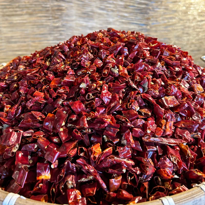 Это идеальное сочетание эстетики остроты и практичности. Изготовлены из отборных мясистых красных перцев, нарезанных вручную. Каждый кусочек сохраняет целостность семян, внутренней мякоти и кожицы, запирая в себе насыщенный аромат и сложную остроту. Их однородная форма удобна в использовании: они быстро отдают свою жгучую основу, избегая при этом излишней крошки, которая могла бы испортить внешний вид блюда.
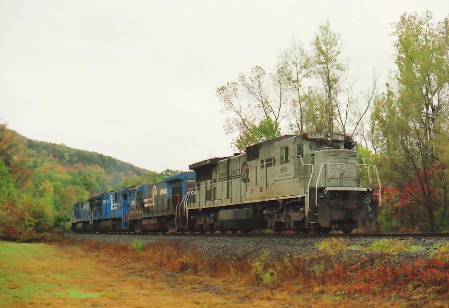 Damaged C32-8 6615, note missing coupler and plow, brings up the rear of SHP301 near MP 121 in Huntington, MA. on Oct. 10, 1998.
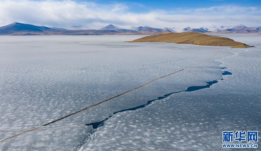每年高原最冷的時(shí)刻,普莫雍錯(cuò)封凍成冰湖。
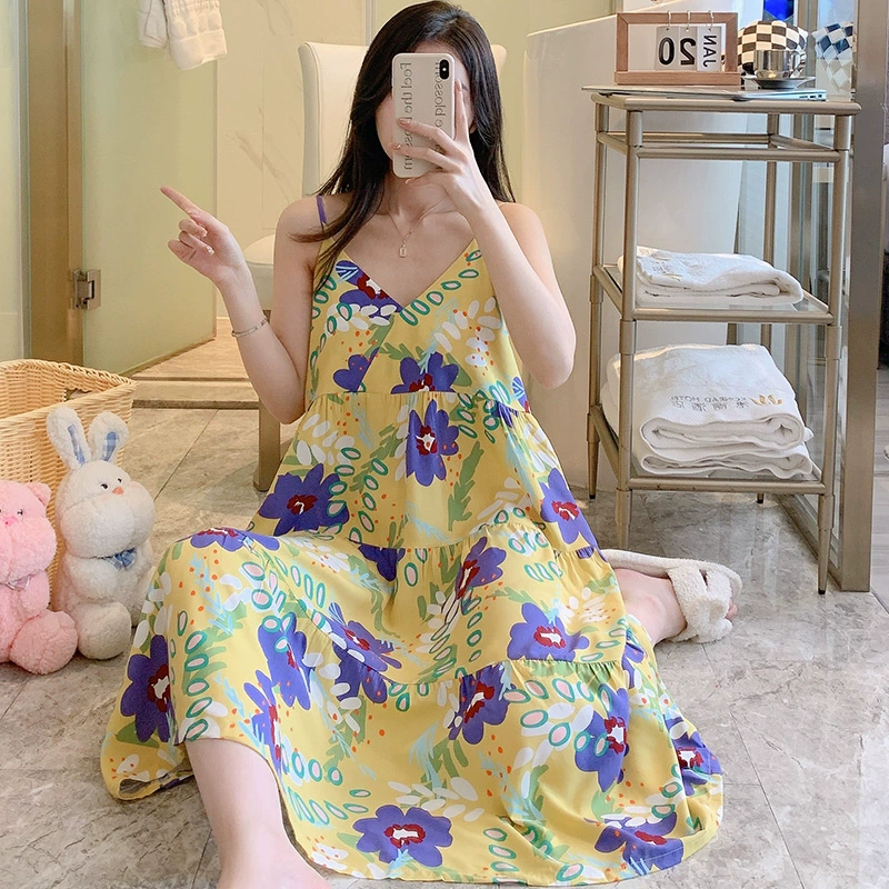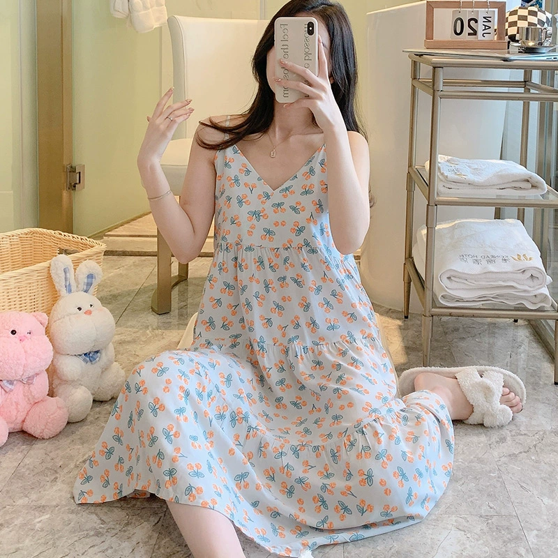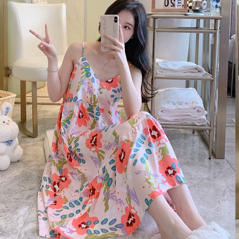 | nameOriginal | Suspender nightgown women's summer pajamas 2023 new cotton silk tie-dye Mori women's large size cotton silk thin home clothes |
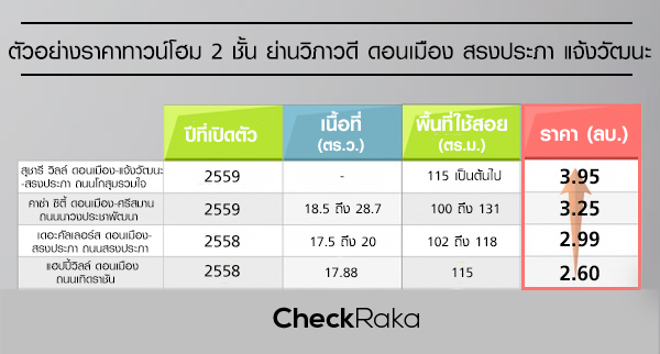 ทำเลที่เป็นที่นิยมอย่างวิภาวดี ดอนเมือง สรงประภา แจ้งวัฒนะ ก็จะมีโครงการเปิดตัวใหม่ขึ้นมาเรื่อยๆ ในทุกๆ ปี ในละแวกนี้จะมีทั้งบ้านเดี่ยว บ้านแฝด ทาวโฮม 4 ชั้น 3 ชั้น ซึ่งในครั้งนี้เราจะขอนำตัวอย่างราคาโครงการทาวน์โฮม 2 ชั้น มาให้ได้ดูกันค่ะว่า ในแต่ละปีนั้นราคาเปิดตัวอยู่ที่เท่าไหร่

____

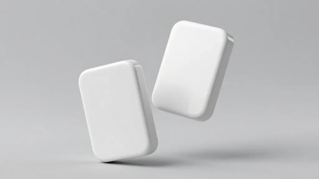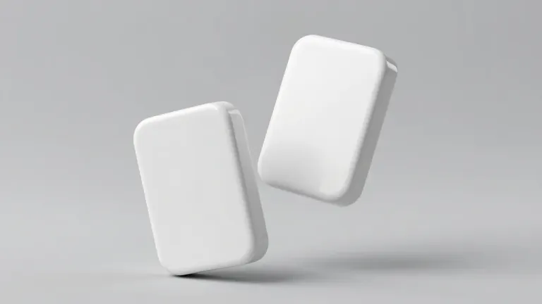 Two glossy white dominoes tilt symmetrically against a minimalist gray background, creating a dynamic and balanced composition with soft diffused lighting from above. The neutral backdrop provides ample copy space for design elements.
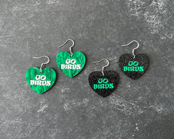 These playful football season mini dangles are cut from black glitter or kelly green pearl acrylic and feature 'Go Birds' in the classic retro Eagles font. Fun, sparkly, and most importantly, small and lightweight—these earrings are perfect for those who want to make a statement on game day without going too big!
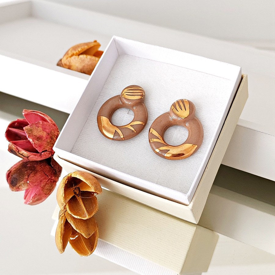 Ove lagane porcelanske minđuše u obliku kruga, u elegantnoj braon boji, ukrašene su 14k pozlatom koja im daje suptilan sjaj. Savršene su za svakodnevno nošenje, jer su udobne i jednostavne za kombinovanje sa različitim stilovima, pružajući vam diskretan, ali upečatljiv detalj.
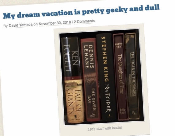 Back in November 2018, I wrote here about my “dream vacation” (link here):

____

YOUR INSTRUCTIONS >>
A clean copy is needed of the lines above from the one with "Это идеальное сочетание" up to and including the one with "ทำเลที่เป็นที่นิยมอย่างวิภาวดี ดอนเมือง สรงประภา". Please set it down exactly, with no pictures.

COMPLETED TASK >>
 Это идеальное сочетание эстетики остроты и практичности. Изготовлены из отборных мясистых красных перцев, нарезанных вручную. Каждый кусочек сохраняет целостность семян, внутренней мякоти и кожицы, запирая в себе насыщенный аромат и сложную остроту. Их однородная форма удобна в использовании: они быстро отдают свою жгучую основу, избегая при этом излишней крошки, которая могла бы испортить внешний вид блюда.
 Damaged C32-8 6615, note missing coupler and plow, brings up the rear of SHP301 near MP 121 in Huntington, MA. on Oct. 10, 1998.
每年高原最冷的時(shí)刻,普莫雍錯(cuò)封凍成冰湖。
 | nameOriginal | Suspender nightgown women's summer pajamas 2023 new cotton silk tie-dye Mori women's large size cotton silk thin home clothes |
 ทำเลที่เป็นที่นิยมอย่างวิภาวดี ดอนเมือง สรงประภา แจ้งวัฒนะ ก็จะมีโครงการเปิดตัวใหม่ขึ้นมาเรื่อยๆ ในทุกๆ ปี ในละแวกนี้จะมีทั้งบ้านเดี่ยว บ้านแฝด ทาวโฮม 4 ชั้น 3 ชั้น ซึ่งในครั้งนี้เราจะขอนำตัวอย่างราคาโครงการทาวน์โฮม 2 ชั้น มาให้ได้ดูกันค่ะว่า ในแต่ละปีนั้นราคาเปิดตัวอยู่ที่เท่าไหร่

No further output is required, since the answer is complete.